**DATA SUPPLIED**
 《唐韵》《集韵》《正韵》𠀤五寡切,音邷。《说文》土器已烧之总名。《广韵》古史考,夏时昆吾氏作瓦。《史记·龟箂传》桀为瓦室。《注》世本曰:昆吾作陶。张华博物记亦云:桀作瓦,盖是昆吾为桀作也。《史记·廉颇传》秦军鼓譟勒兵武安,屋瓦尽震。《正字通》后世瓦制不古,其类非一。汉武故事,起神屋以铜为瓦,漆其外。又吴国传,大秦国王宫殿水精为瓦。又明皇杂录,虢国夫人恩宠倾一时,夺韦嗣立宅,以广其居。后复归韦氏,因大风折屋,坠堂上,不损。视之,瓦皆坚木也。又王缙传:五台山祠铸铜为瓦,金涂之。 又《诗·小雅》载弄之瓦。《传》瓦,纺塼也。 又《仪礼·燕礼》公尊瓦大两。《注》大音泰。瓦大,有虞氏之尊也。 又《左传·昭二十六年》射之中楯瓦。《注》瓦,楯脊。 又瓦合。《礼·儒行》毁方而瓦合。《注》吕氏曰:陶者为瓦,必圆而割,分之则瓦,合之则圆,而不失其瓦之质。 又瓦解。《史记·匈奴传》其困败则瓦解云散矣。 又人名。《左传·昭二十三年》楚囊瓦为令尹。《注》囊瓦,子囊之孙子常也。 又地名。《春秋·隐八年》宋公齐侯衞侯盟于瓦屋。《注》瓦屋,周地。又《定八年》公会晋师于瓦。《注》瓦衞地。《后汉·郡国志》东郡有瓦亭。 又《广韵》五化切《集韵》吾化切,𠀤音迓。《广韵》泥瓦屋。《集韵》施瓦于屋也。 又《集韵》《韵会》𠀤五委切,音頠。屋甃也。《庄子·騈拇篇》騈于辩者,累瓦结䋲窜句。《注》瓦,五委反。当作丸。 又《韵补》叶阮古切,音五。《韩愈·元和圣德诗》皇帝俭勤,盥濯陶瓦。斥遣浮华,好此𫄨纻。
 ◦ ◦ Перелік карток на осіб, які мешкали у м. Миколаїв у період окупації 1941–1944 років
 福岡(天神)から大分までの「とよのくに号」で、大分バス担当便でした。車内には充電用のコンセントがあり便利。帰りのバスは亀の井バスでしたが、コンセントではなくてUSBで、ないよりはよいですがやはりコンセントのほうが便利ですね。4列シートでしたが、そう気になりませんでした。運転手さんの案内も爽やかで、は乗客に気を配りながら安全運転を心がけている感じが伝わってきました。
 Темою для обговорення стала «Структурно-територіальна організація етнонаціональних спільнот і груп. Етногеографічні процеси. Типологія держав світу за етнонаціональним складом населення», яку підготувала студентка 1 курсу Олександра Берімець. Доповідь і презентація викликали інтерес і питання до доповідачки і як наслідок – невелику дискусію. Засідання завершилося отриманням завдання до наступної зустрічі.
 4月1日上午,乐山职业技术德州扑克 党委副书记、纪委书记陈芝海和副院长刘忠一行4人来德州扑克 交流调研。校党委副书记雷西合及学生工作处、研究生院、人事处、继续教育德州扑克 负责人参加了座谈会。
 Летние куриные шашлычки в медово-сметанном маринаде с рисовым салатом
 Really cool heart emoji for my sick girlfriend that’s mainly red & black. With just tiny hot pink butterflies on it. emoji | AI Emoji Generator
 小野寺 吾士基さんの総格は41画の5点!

**PROBLEM TO SOLVE**
Only the lines from the one holding "окупації 1941–1944 років" to the end of the material are wanted, each transcribed exactly.

**SOLUTION BELOW**
 ◦ ◦ Перелік карток на осіб, які мешкали у м. Миколаїв у період окупації 1941–1944 років
 福岡(天神)から大分までの「とよのくに号」で、大分バス担当便でした。車内には充電用のコンセントがあり便利。帰りのバスは亀の井バスでしたが、コンセントではなくてUSBで、ないよりはよいですがやはりコンセントのほうが便利ですね。4列シートでしたが、そう気になりませんでした。運転手さんの案内も爽やかで、は乗客に気を配りながら安全運転を心がけている感じが伝わってきました。
 Темою для обговорення стала «Структурно-територіальна організація етнонаціональних спільнот і груп. Етногеографічні процеси. Типологія держав світу за етнонаціональним складом населення», яку підготувала студентка 1 курсу Олександра Берімець. Доповідь і презентація викликали інтерес і питання до доповідачки і як наслідок – невелику дискусію. Засідання завершилося отриманням завдання до наступної зустрічі.
 4月1日上午,乐山职业技术德州扑克 党委副书记、纪委书记陈芝海和副院长刘忠一行4人来德州扑克 交流调研。校党委副书记雷西合及学生工作处、研究生院、人事处、继续教育德州扑克 负责人参加了座谈会。
 Летние куриные шашлычки в медово-сметанном маринаде с рисовым салатом
 Really cool heart emoji for my sick girlfriend that’s mainly red & black. With just tiny hot pink butterflies on it. emoji | AI Emoji Generator
 小野寺 吾士基さんの総格は41画の5点!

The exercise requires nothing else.